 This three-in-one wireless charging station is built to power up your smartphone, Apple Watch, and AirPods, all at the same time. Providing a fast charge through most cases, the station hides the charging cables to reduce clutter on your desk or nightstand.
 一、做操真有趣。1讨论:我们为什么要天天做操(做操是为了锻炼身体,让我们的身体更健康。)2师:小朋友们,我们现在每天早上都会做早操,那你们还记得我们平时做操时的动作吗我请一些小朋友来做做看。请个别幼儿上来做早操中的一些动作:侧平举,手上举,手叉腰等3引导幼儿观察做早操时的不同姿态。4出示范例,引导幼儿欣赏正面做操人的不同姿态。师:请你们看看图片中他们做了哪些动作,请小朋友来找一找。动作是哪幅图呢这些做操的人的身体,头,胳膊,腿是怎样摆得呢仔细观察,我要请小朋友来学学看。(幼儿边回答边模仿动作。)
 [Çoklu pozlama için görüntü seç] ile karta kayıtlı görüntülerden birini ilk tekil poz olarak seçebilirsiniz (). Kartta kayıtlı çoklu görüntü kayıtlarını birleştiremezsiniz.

★ ★ ★ ★

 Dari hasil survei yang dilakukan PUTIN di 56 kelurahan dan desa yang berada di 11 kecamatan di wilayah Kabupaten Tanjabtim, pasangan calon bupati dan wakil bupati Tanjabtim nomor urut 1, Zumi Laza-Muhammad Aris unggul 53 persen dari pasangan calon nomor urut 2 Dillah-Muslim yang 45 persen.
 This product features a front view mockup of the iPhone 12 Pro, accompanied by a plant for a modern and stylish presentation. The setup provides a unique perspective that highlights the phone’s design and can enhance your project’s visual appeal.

★ ★ ★ ★

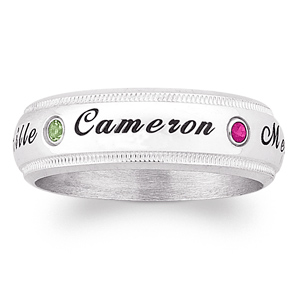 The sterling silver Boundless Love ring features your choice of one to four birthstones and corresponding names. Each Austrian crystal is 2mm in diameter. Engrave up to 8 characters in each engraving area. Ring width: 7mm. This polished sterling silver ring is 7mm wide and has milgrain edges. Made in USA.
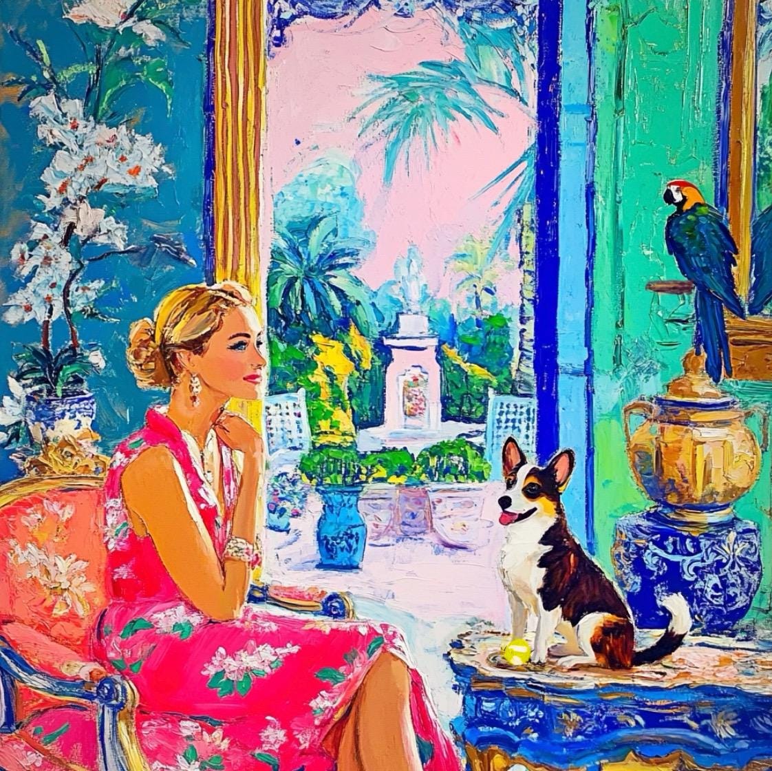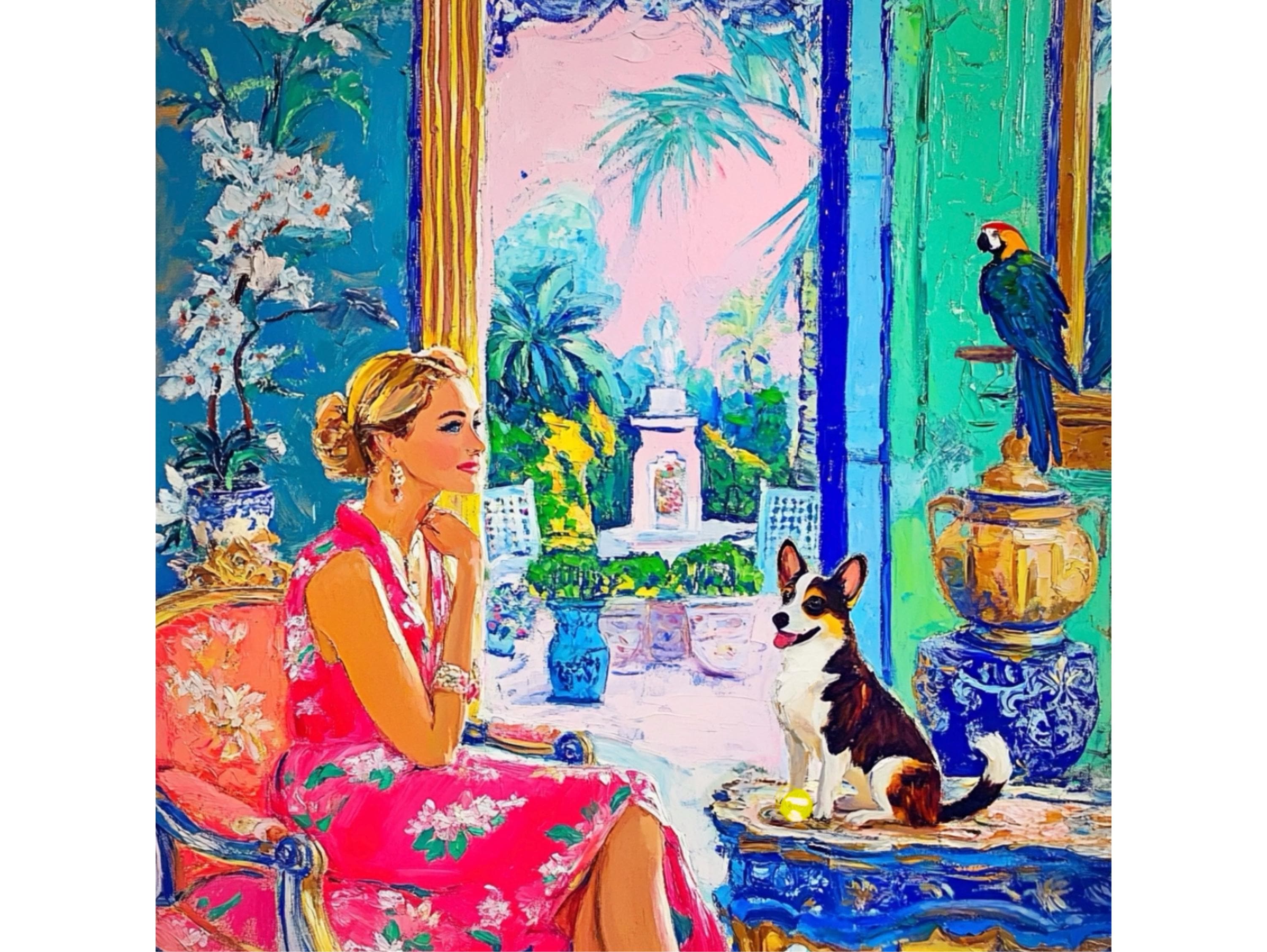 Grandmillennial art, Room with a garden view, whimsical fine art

★ ★ ★ ★

## Task statement
For the listing above, print only the lines starting at the line containing "Dari hasil survei" and ending at the line containing "This product features", exactly, both included.

## Exercise output
 Dari hasil survei yang dilakukan PUTIN di 56 kelurahan dan desa yang berada di 11 kecamatan di wilayah Kabupaten Tanjabtim, pasangan calon bupati dan wakil bupati Tanjabtim nomor urut 1, Zumi Laza-Muhammad Aris unggul 53 persen dari pasangan calon nomor urut 2 Dillah-Muslim yang 45 persen.
 This product features a front view mockup of the iPhone 12 Pro, accompanied by a plant for a modern and stylish presentation. The setup provides a unique perspective that highlights the phone’s design and can enhance your project’s visual appeal.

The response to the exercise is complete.